◆ YOUR GOAL:
Give the listing again word for word. Skip the pictures.

◆ DATA SHOWN:

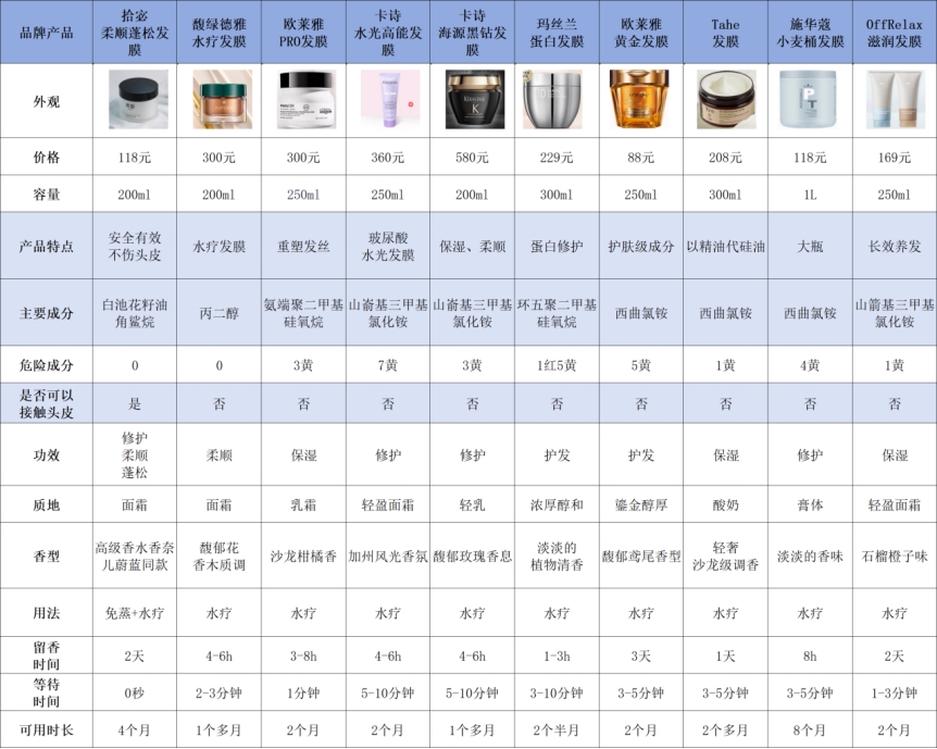 看完选购技巧后,是不是想知道具体哪些发膜实际用起来不错呀?我把实测过的几款发膜核心表现整理成了表格,都是自己亲测的真实体验。希望这些能帮你少走弯路,选到贴合自己发质的发膜。
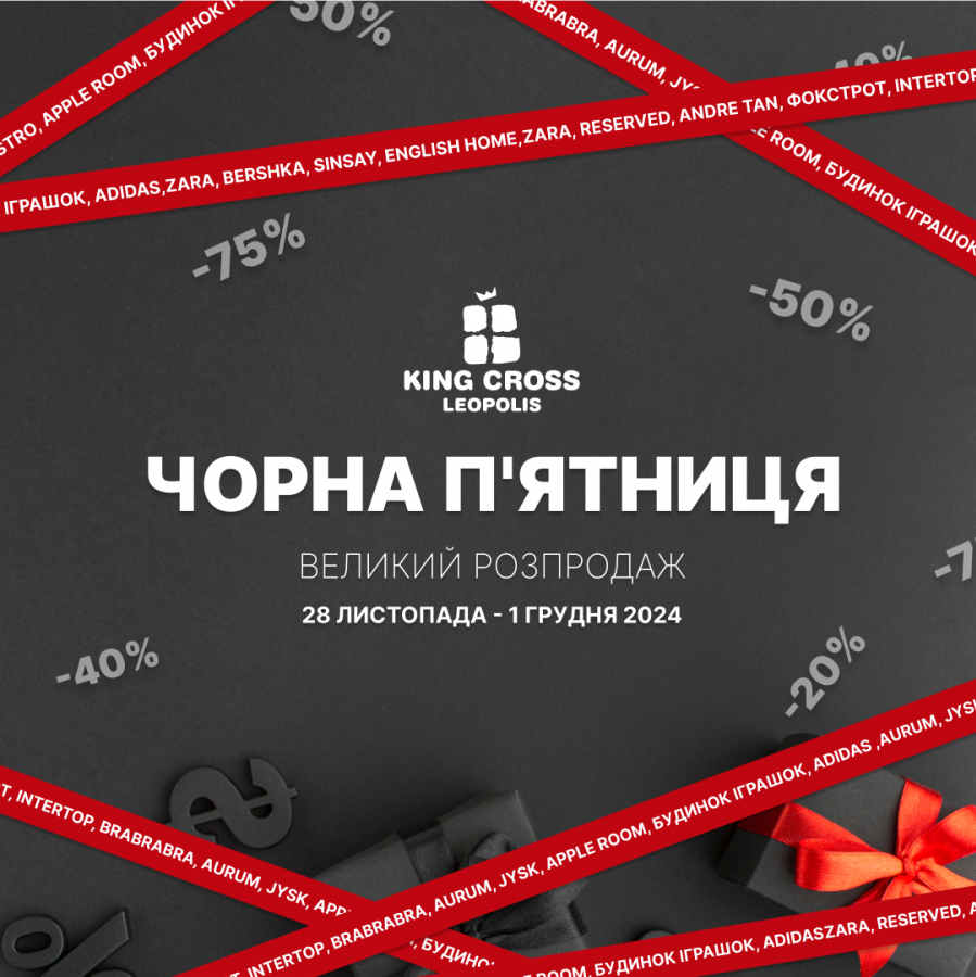 29 листопада графік роботи торгової галереї буде продовжено до 22:00. Встигніть на нашу Чорну П'ятницю!
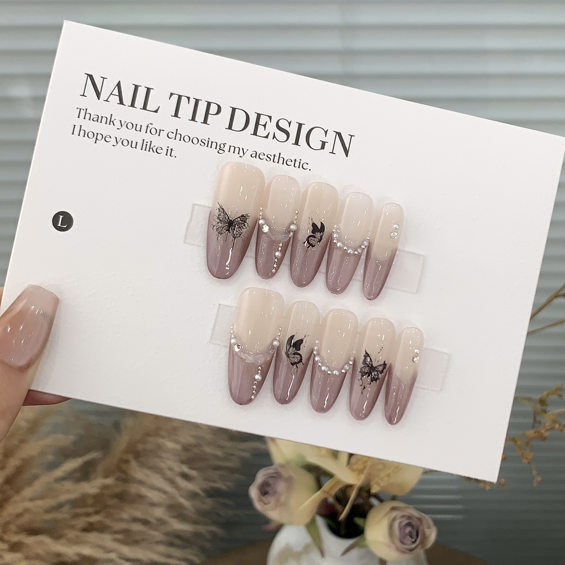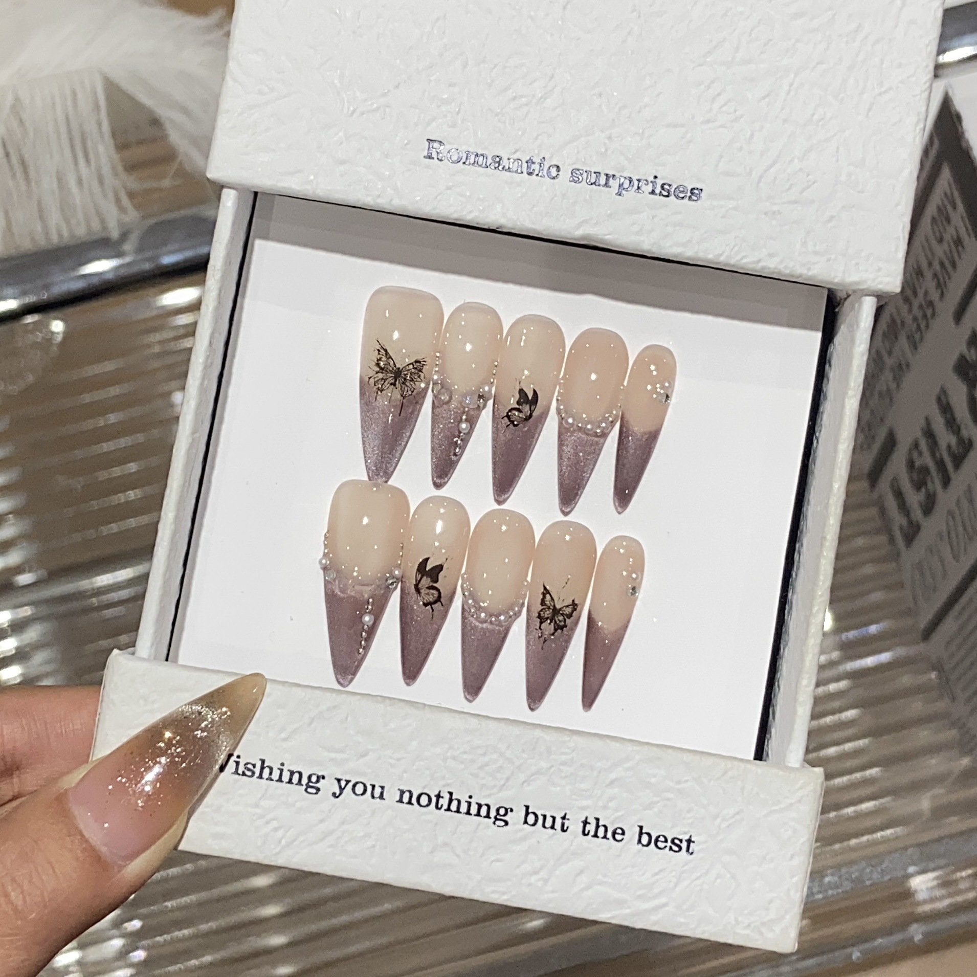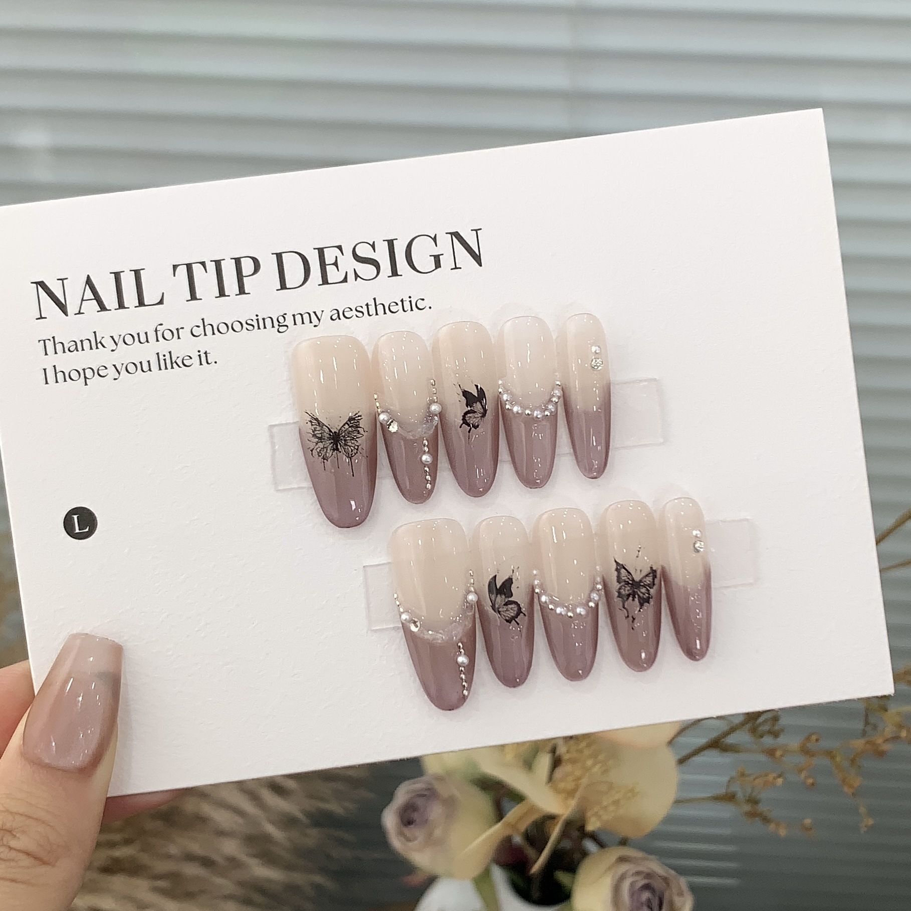 【手工穿戴甲】美甲贴片假指甲贴片成品冰透色蝴蝶甲片可拆卸穿戴

◆ EXERCISE OUTPUT:
 看完选购技巧后,是不是想知道具体哪些发膜实际用起来不错呀?我把实测过的几款发膜核心表现整理成了表格,都是自己亲测的真实体验。希望这些能帮你少走弯路,选到贴合自己发质的发膜。
 29 листопада графік роботи торгової галереї буде продовжено до 22:00. Встигніть на нашу Чорну П'ятницю!
 【手工穿戴甲】美甲贴片假指甲贴片成品冰透色蝴蝶甲片可拆卸穿戴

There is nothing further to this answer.